_TASK DATA_:
- - -
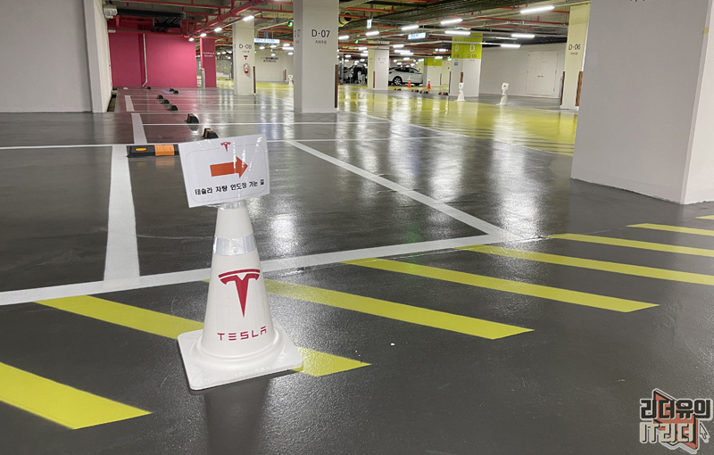 이대서울병원으로 들어가서 엘리베이터를 타고 지하5층으로 갑니다. 그럼 테슬라 딜리버리 센터라고 표시가 있습니다. 이대서울병원 지하 주차장을 딜리버리센터로 이용하고 있는 것입니다.
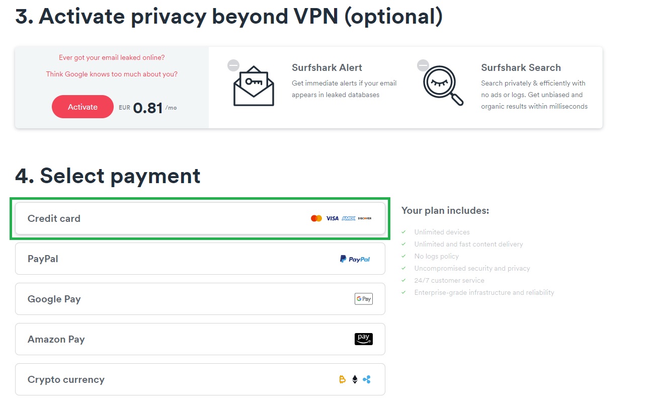 Sekančiame etape (3), galite aktyvuoti papildomas paslaugas (nebūtina), kurios jums suteiks ekstra saugumo, pavyzdžiui, galite gauti pranešimą, kada jūsų elektroninio pašto adresas yra nutekinamas ir patenka į hakerių rankas, tuomet jus Surfshark įspėja, kad jūsų elektroninis paštas buvo nutekintas ir jums reikia pasikeisti slaptažodį. Antra funkcija, kurią gautumėt papildomai tai būtų paieškos sistema, kuri jūsų ieškomų dalykų nesektų ir nekištų erzinančių reklamų (Google, deja seka, ir grūda reklamas). Šį žingsnį galite praleisti, jei nenorite šių papildomų galimybių.
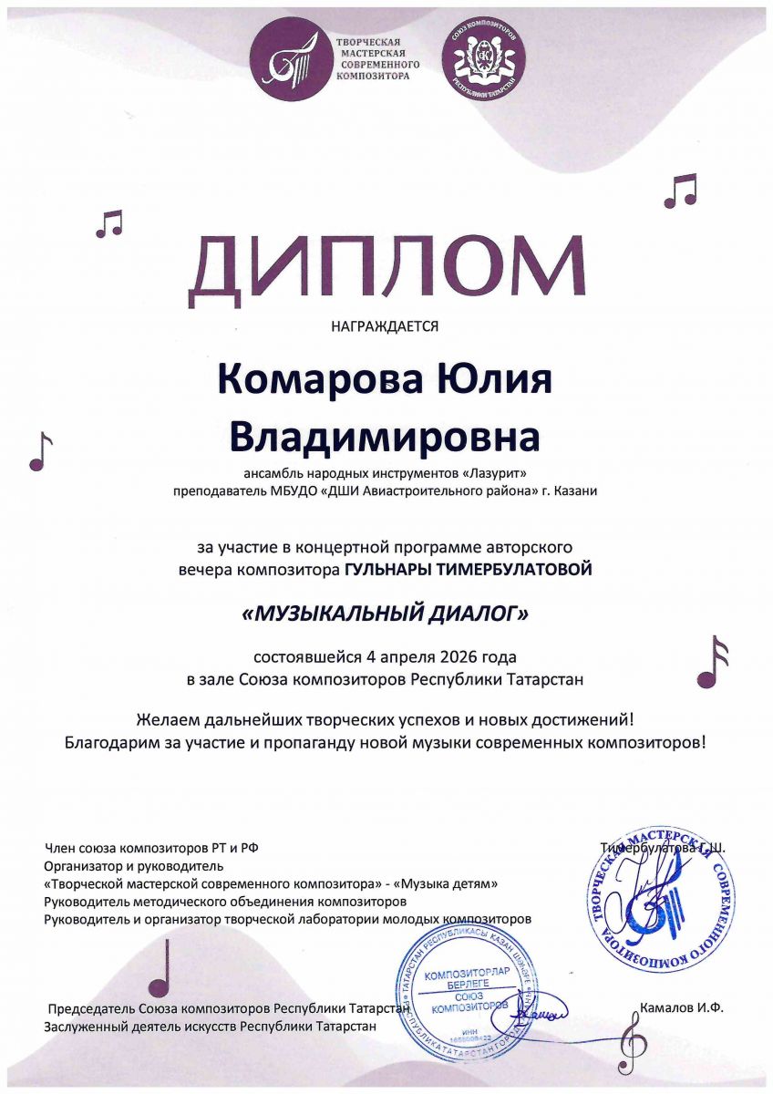 15.Авторский вечер композитора Г.Тимербулатовой "Музыкальный диалог" в зале союза композиторов РТ, Диплом, Комарова Ю.В., 2026г.
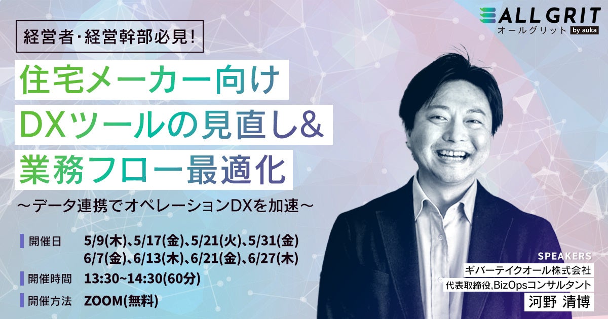 住宅・不動産業界向けLINE運用ツール《ALL GRIT(オールグリット)》を提供するギバーテイクオール株式会社(本社:東京都港区、代表取締役CEO 河野清博、以下当社)は、この度『住宅メーカー向け DXツールの見直し&業務フロー最適化セミナー』を開催いたします。
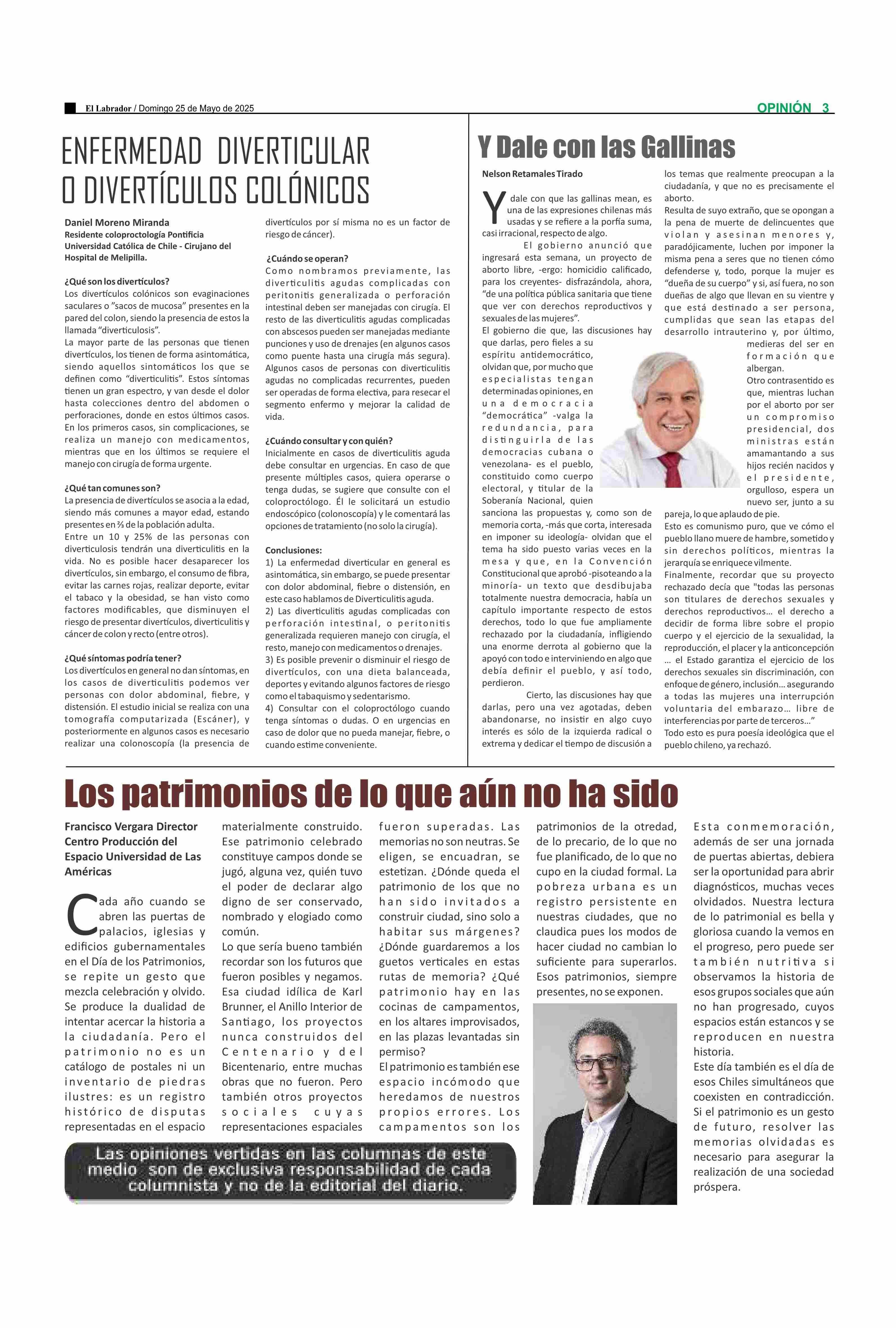 COLUMNAS DE OPINIÓN: ENFERMEDAD DIVERTICULAR O DIVERTÍCULOS COLÓNICOS 25-05-2025 El Labrador |
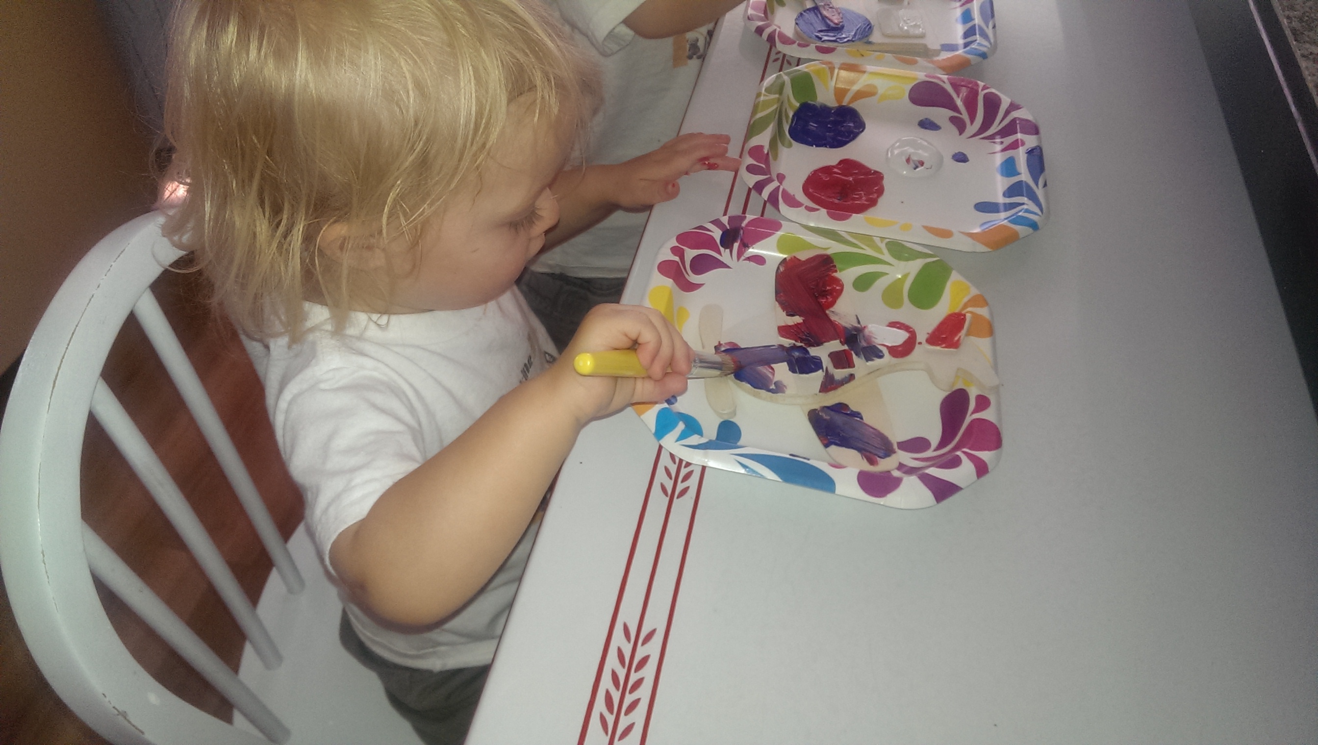After a little lunch and screen time, we were back to our red, white & blue projects. Next up, fireworks! White circles exploded with red, white and blue paint using a plastic fork and after a few embellishments, a handle was added to finish the project. Max had a great time making exploding noises as he held the “fireworks” high up and then fizzling out sounds on the way down.
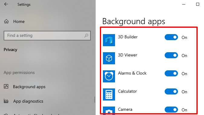 - Look through the background applications and toggle off apps that you barely use.
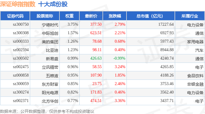 资金流向方面,深证综指(399106)指数成份股当日主力资金净流入合计8.63亿元,游资资金净流出合计124.39亿元,散户资金净流入合计115.76亿元。成份股资金流向详情见下表:
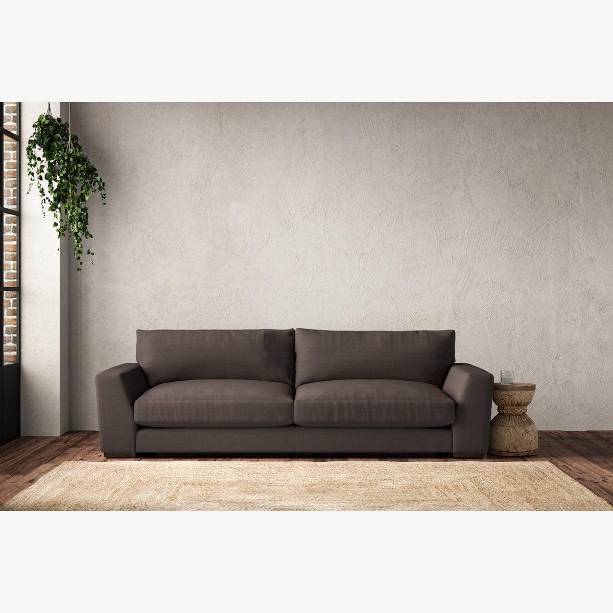The laid-back sculptural shape of the Guddu grand sofa brings effortless style to an interior. The generous arms and deep seat cushions make this collection the perfect choice for families or those that like a bit of extra space to stretch out. Details include separate back cushions, exceptional quality fabrics and solid wood block feet. Each piece is handcrafted by experts using traditional techniques for a quality finish that celebrates the best of British craftmanship. The hardwood frame and high-grade steel serpentine springs are selected for enduring quality, and the cushions are made from foam with a fibre wrap for added comfort. The fabric is hand cut to size, playing close attention to the characteristics of the material, and the sculpted hardwood feet provides the finishing detail. Our upholstery fabrics are chosen for their style and quality, where all fabrics are FR treated for domestic upholstery ensuring peace of mind as well as meeting specialist UK furniture requirements. Our curated colour palette offers a variety of sophisticated muted shades. Please note, our white background cut-out photography is shown in Natural for shape and style reference. Fabric Swatch Ordering We recommend ordering fabric swatches before placing your order, giving you the chance to feel the fabric and see your colour choices within your own home. You can order up to 6 free fabric swatches by clicking here. Before placing your order, it's important to take the time to measure the space you intend to place your made-to-order furniture to ensure it fits properly. You can read more in our Sofa Buying Guide.
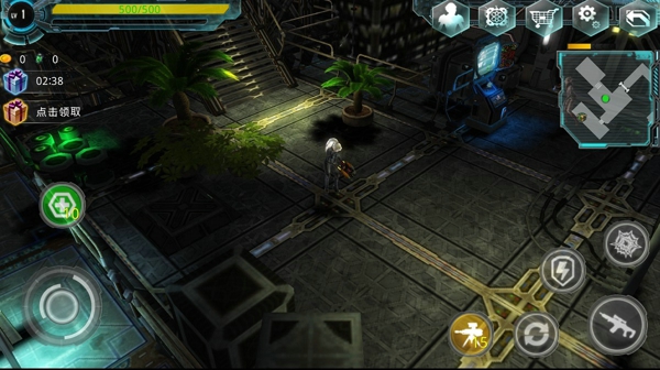 游戏在屏幕的左下方设置虚拟摇杆来控制人物的行动,在右下方有四个固定按键分别为射击键、切换弹夹键、免疫键、特色装备键和高电压炸弹键。射击键是最重要的攻击按键,切换弹夹键可以更换武器子弹弹夹,免疫按键可以在四秒内免疫异形攻击,高压炸弹键可以炸晕附近所有丧尸,这些辅助技能都是无限的,只需要一定的时间来恢复能量就可以,最后一个特色装备键则是有次数限制的,当然可以在商城里面购买特殊武器。其中是个辅助键都围绕着射击键,这让玩家操作起来非常方便,整个按键的排列又复合人体工程学,让玩家在玩的时候会感觉十分自然。
- - -
From the material above, output only the span of lines that starts at the one containing "COLUMNAS DE OPINIÓN: ENFERMEDAD" and finishes at the one containing "资金流向方面,深证综指(39", word for word and free of pictures.

_TASK ANSWER_:
 COLUMNAS DE OPINIÓN: ENFERMEDAD DIVERTICULAR O DIVERTÍCULOS COLÓNICOS 25-05-2025 El Labrador |
After a little lunch and screen time, we were back to our red, white & blue projects. Next up, fireworks! White circles exploded with red, white and blue paint using a plastic fork and after a few embellishments, a handle was added to finish the project. Max had a great time making exploding noises as he held the “fireworks” high up and then fizzling out sounds on the way down.
 - Look through the background applications and toggle off apps that you barely use.
 资金流向方面,深证综指(399106)指数成份股当日主力资金净流入合计8.63亿元,游资资金净流出合计124.39亿元,散户资金净流入合计115.76亿元。成份股资金流向详情见下表:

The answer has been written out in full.